4 files changed, 540 insertions, 0 deletions

diff --git a/mail/messagewall/files/patch-applemail b/mail/messagewall/files/applemail.patch
index cdc7b211d776..cdc7b211d776 100644
--- a/mail/messagewall/files/patch-applemail
+++ b/mail/messagewall/files/applemail.patch
diff --git a/mail/messagewall/files/broken_parameter_value.patch b/mail/messagewall/files/broken_parameter_value.patch
new file mode 100644
index 000000000000..556edadecd9b
--- /dev/null
+++ b/mail/messagewall/files/broken_parameter_value.patch
@@ -0,0 +1,21 @@
+--- rfc822.c.orig	Fri Jul 12 19:45:03 2002
++++ rfc822.c	Sun May  2 18:04:34 2004
+@@ -156,7 +156,7 @@
+ 	} else {
+ 		j = i;
+ 		while (j < headervalue->l &&
+-			strchr(RFC822_WHITESPACE,headervalue->s[j]) == NULL)

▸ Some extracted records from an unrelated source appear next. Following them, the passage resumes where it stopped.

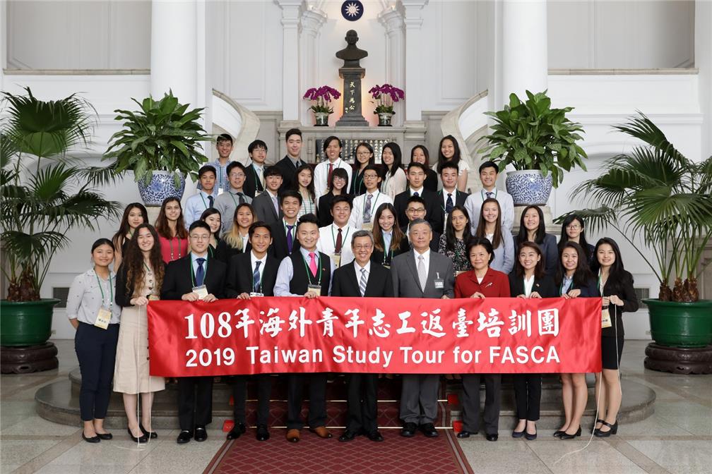 陳副總統與108年海外青年志工(FASCA) 返臺培訓團全體學員合影留念。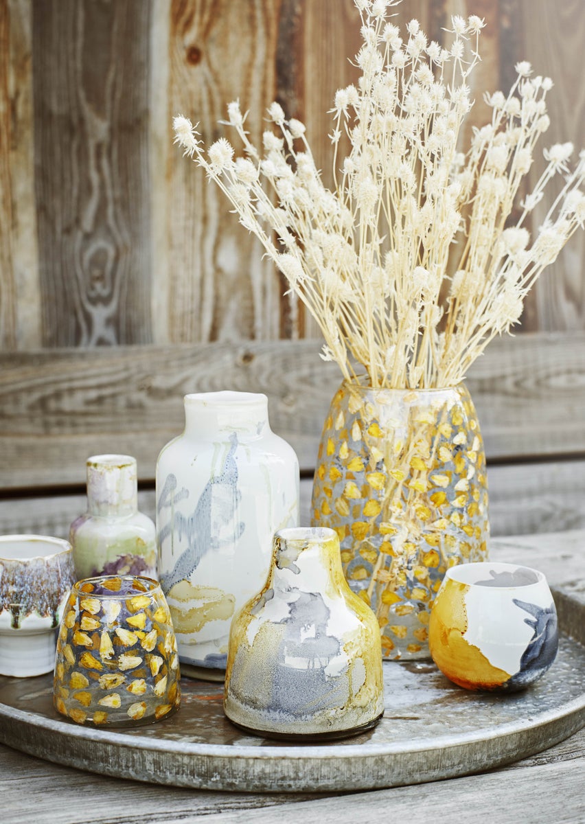 Reaktiivinen maali luo ainutlaatuisia kuvioita ja värikoostumuksia jokaiseen tuikkukuppiin.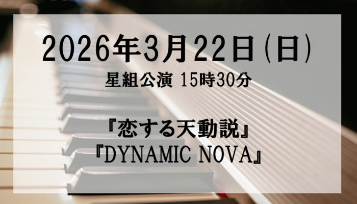 2026年3月22日(日)15時30分 東京宝塚劇場公演のチケットのご案内です。星組公演ビート・シアター『恋する天動説』-The Wand'rin' Stars-作・演出/大野 拓史ギャラクシーレヴュー『DYNAMIC NOVA』作・演出/稲葉 太地公式サイト   : https://kageki.hankyu.co.jp/revue/2026/koisurutendosetsu/index.html公演日時   : 2026年3月22日(日) 15時30分会場     : 東京宝塚劇場 東京都千代田区有楽町1‐1‐3申込期間   :

++			strchr(RFC822_WHITESPACE_LOOSE,headervalue->s[j]) == NULL && headervalue->s[j] != ';')
+ 			j++;
+ 	}
+ 
+--- rfc822.h.orig	Mon Jun 24 20:45:00 2002
++++ rfc822.h	Sun May  2 18:04:34 2004
+@@ -21,6 +21,7 @@
+ #include <firestring.h>
+ 
+ #define RFC822_WHITESPACE " \t"
++#define RFC822_WHITESPACE_LOOSE "\t\n\r"
+ #define RFC822_VALUE_MAXLEN 256
+ 
+ struct rfc822_message_t {
diff --git a/mail/messagewall/files/paranoia.patch b/mail/messagewall/files/paranoia.patch
new file mode 100644
index 000000000000..85b8aa003fb8
--- /dev/null
+++ b/mail/messagewall/files/paranoia.patch
@@ -0,0 +1,433 @@
+--- dbase.c.orig	2002-10-18 17:24:16.000000000 +0200
++++ dbase.c	2003-01-26 13:33:27.000000000 +0100
+@@ -653,6 +653,8 @@
+ 		dbase_load_estr_score_ll(config,&profile->filename_reject,"filename_reject");
+ 		dbase_load_estr_score_ll(config,&profile->mime_reject,"mime_reject");
+ 
++		dbase_load_estr_score_ll(config,&profile->fakedbighost_reject,"fakedbighost_reject");
++		
+ 		dbase_load_estr_ll(config,&profile->mime_strip,"mime_strip");
+ 		dbase_load_estr_ll(config,&profile->mime_allow,"mime_allow");
+ 		dbase_load_int(config,&profile->reject,"reject");
+--- firemake.binaries.orig	2002-06-28 22:29:44.000000000 +0200
++++ firemake.binaries	2003-01-26 13:33:27.000000000 +0100
+@@ -1,3 +1,3 @@
+-messagewall: auth.o client.o dbase.o dnsbl.o dnsdcc.o md5.o messagewall.o mime.o rdns.o rfc822.o rmx.o security.o smtp.o tls.o virus.o
++messagewall: auth.o client.o dbase.o dnsbl.o dnsdcc.o md5.o messagewall.o mime.o rdns.o rfc822.o rmx.o security.o smtp.o tls.o virus.o paranoia.o
+ messagewallctl: messagewallctl.o
+ messagewallstats: messagewallstats.o
+--- man/messagewall_profiles.5.orig	2002-07-22 17:17:33.000000000 +0200
++++ man/messagewall_profiles.5	2003-01-26 13:33:27.000000000 +0100
+@@ -1,5 +1,5 @@
+ .\" (C) 2002 Ian Gulliver
+-.TH messagewall_profiles 5 2002-06-08
++.TH messagewall_profiles 5 2002-12-06
+ .SH DESCRIPTION
+ Any regular files in the directory defined as
+ .B profile_dir
+@@ -42,7 +42,7 @@
+ .I Default: 1
+ .br
+ This is the score at which MessageWall will reject the message.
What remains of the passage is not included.